Thanks for extra data...I hadn't seen this when I replied to Maximara just now.

I don't think it changes anything except that the scatter for 1 to 2% crossover is larger than the 25TBW-30TBW I postulated which would not be at all surprising.
 
Here's my thoughts about it after acquiring this Air in May.

I'm a Cloud Engineer and I do a lot of work with HDB Studio, Terminal, Visual Code and a lot of web apps. My normal day I have 2/3GB of SWAP however on some heavy days I'm doing a lot of SQL scripting and running a lot of stuff I can reach 5-6GB. To mitigate this issue with this Rosetta translation app I moved my workflow to Citrix.
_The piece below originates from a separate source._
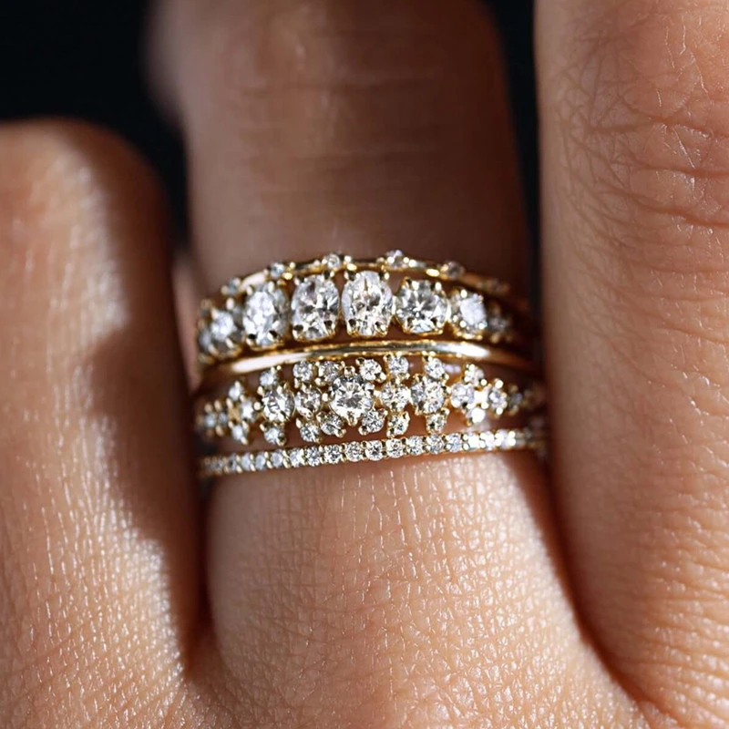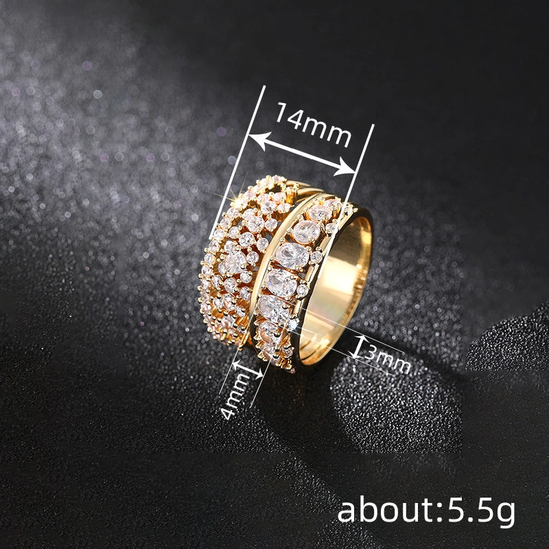 Bague de luxe européenne et américaine, bague en zircon œil de cheval à la mode, bague d'index à design creux multicouche

This is how it is since the end of May.

View attachment 1814102

Well, this data shows that after 3 months of usage you have 0% percentage used. It means that in the worst case (the zero jumps to 1% in the next minute) your SSD will last for about 3 months times 100. Which is 300 months or 25 years.

Not bad, I think. The battery will probably die long before.
 
No, not seriously wrong at all.

If I had said "the crossover from 1% to 2% happens in the range 25TBW to 30TBW" then Thistle and Synchronisers results do not look anomalous. 25-30 is not a very big error band at all for a subject like this.

Please note I did say that this is not an exact science. As @jdb8167 points out factors like write amplification will cause variability.
Just to be clear here....I am not trying to say there is an amazing correlation between TBW and % life used here. There is far too little data for that. I am simply rejecting that there is something seriously wrong with the data because two datapoints apparently contradict. The data available is not inconsistent for the issue.

In any case as others are saying, I think that the data is pointing to much longer lives than feared at one point, such that my concern level has largely gone, leaving curiosity, especially why a few machines seem to be an order of magnitude worse.
 
So how do I check if I'm effected by this?
I've found DriveDx handy for keeping an eye on my disks (it gives you a figure for total data written), and you get a couple of weeks free trail when you download.

Incidentally, after a month my new M1 iMac is writing as near as makes no difference the same about of data to its SSD as my intel iMac.
 
It’s as accurate as Apple wants it to be. I wrote a command line tool using only Apple supplied APIs that only tests against Apple designed SSD controllers and the results were exactly the same as the other open source tools and commercial applications.

smartTBW

So how do I check if I'm effected by this?
Save your $ just use @jdb8167 Terminal tool as it will present exactly the same results as the likes of paid apps such as DriveDX, as they rely on the same API's.